Dr. Lawyer and colleagues raise interesting points regarding the possible role of S. aureus in the autoimmunity to proteinase-3 in patients with Wegener granulomatosis. Because proteinase-3 shows significant homology with different members of the human serine proteases family such as T-cell granzymes, leukocyte elastase, cathepsin G and (chymo)trypsin, the possibility of shared epitopes exists [1, 2]. The induction of granzyme B in cytotoxic T lymphocytes by staphylococcal enterotoxin A would therefore be a possible link between antiproteinase-3 Wegener granulomatosis and S. aureus.

Evidence suggests, however, that the antiproteinase-3 antibody associated with Wegener granulomatosis is not directed to other serine proteases, including granzyme B. First, antigen-specific enzyme-linked immunosorbent assay (ELISA), immunoblot techniques, and immunoprecipitation studies with crude neutrophil preparations have failed to show reactivity of sera that is positive for antibodies against proteinase-3 with leukocyte elastase and cathepsin G [1, 3]. Second, on indirect immunofluorescence of ethanol-fixed leukocytes, only granulocytes and monocytes show positive fluorescence with antiproteinase-3-positive sera, with lymphocytes being consequently negative. Negative results were also obtained with cytotoxic T lymphocytes, normal natural killer cells, and large granular lymphocytes from a patient with T lymphocytosis and large granular lymphocyte cell lines [4]. These findings make cross-reactivity with granzymes present in granules of T cells an unlikely hypothesis. We are aware of no reports on antigen-specific tests with highly purified granzymes; these are necessary to answer this question definitively.

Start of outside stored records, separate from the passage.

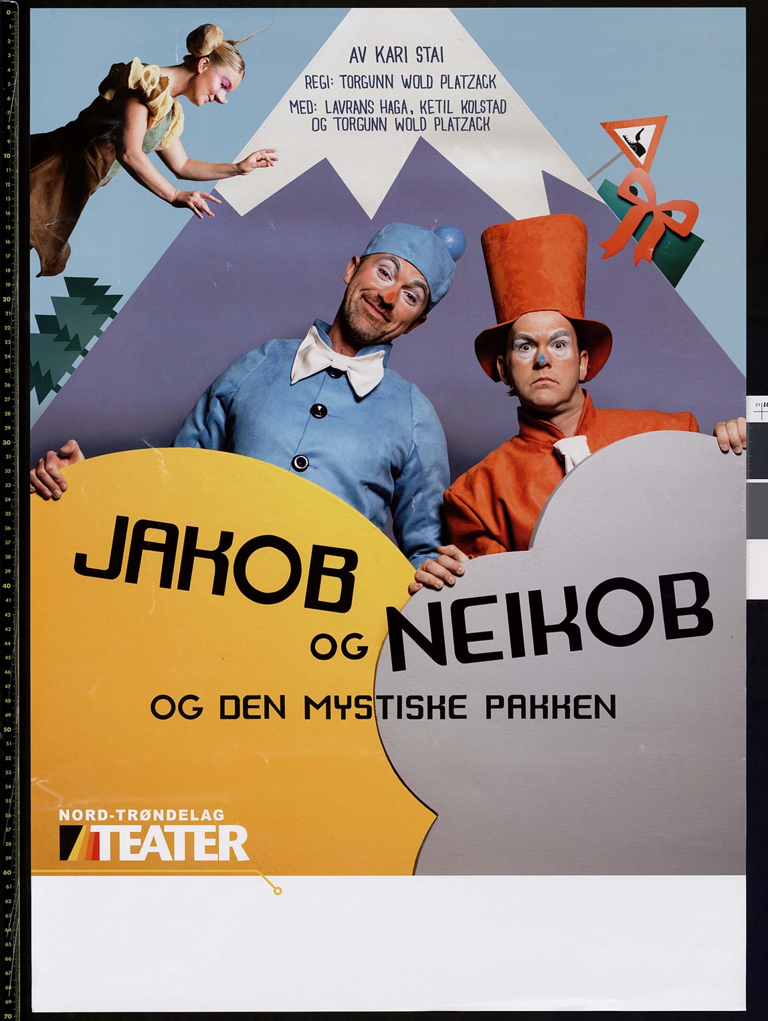 Plakat for Nord-Trøndelag Teaters produksjon Jakob og Neikob og den mystiske pakken (2013)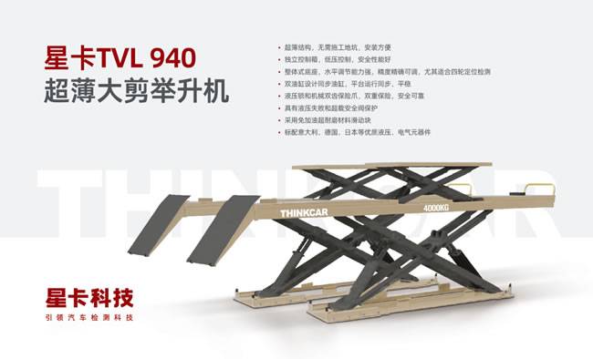 星卡TVL940超薄大剪举升机,配备了独立控制箱,低压控制,举升平台运行同步,升降平稳。剪式举升机都做了过载冗余设计,通过了120%动态装载、150%静态装载测试。采用液压锁和机械双齿保险爪双重保险,能够稳定停留在想要的高度。标配意大利、德国、日本等进口优质液压、电气元器件,具有高品质动力单元。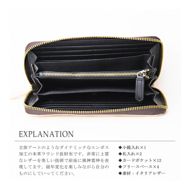 牛革 ヌメ革 イタリアンレザー 風神雷神 長財布 メンズ財布 レディース財布 HU-001 ユニセックス財布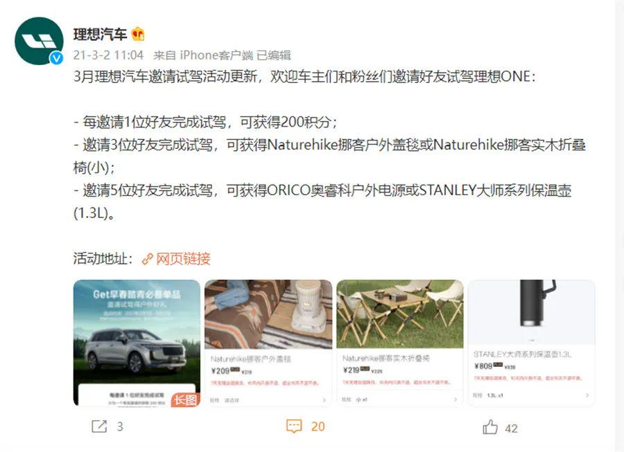 事实上,如理想汽车一般的“积分权益”在造车新势力中并不少见,以被“偷家”的小鹏汽车为例,除了可以在购车时获得定额积分之外,也有通过邀请车友试驾、购车赚取积分的方式,根据小鹏汽车此前发布的积分权益,2022年10月1日—10月31日期间,车主及预定车主邀请首资好友试驾/提车享5000积分/个奖励,邀请首资好友完成试驾给予邀请人400积分/个奖励,待邀请双方车辆均已交付给予邀请人4600积分/个奖励。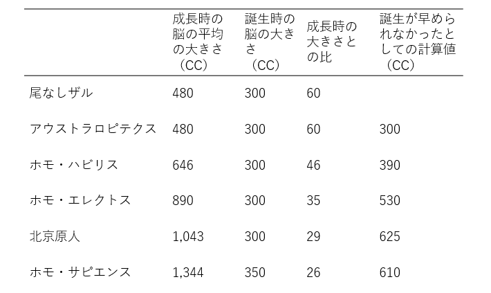 すでに述べたように類人猿とアウストラロピテクスでは脳は同じ大きさである(480㏄)。それが化石人類においてしだいに増大し、ホモ・サピエンスでは成長時の大きさは1344㏄と約3倍にまで増大している。ただし、留意すべきなのは誕生時の脳の大きさであり、誕生時では類人猿とホモ・サピエンスの違いはわずかなのである(300㏄と350㏄)。言い換えると類人猿では誕生時の脳の大きさは成熟した脳の60%に達するが、現在のヒトではそれがわずか26%に留まっている。すなわち、ヒトの新生児の脳の大きさは類人猿の新生児とほとんど変わらないが、類人猿では成熟すると約2倍となるのに対してヒトでは約4倍になるのである。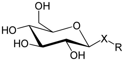 Keywords: Glycoside general.svg en Glycoside in general based on glucose in this case de allgemeine Struktur eines Glykosides was auf Glucose basiert own Yikrazuul 2010-01-24 Glycosides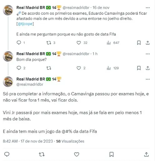 Para piorar, mais um craque do Madrid vai ficar de fora: após os exames realizados nesta sexta-feira (17) em Eduardo Camavinga pelos Serviços Médicos, foi-lhe diagnosticada uma rotura do ligamento lateral externo do joelho direito.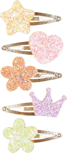 Ce superbe ensemble de barrettes comprend cinq pièces avec des ornements scintillants en forme d’étoile, de cœur, de fleur et de couronne. Les barrettes sont faciles à utiliser grâce au mécanisme à clip, ce qui garantit qu’elles restent bien en place toute la journée. Elles sont l’accessoire capillaire idéal pour chaque petite fille.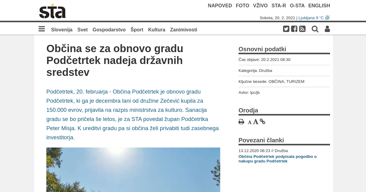 Občina Podčetrtek je obnovo gradu Podčetrtek, ki ga je decembra lani od družine Zečević kupila za 150.000 evrov, prijavila na razpis ministrstva za kulturo. Sanacija gradu se bo pričela še letos, je za STA povedal župan Podčetrtka Peter Misja. K ureditvi gradu pa si občina želi privabiti tudi zasebnega investitorja.

The possibility of S. aureus producing proteases with antigenic cross-reactivity with proteinase would be an attractive explanation of the role of this microorganism in the development of disease activity in Wegener granulomatosis, presuming that autoimmunity directed to proteinase-3 plays an important role in the pathophysiology of the disease. We have done some preliminary antigen-specific ELISA studies (unpublished data) on the possible relation between antiproteinase-3 antibodies and antibodies directed to S. aureus V8 proteinase to explain the link between S. aureus and active Wegener granulomatosis. Thirty-seven of 39 serum specimens from patients with the disease reacted with S. aureus V8 proteinase. However, we were unable to show a correlation between antibodies to S. aureus V8 proteinase and antiproteinase-3 antibodies. Furthermore, we could detect no changes in antiproteinase-3 antibodies after absorption of these sera with S. aureus V8 proteinase. Whether other proteins produced by S. aureus could have antigenic cross-reactivity with proteinase 3 is unknown. Sequencing of the genome of S. aureus would certainly be helpful in the search for possible candidates.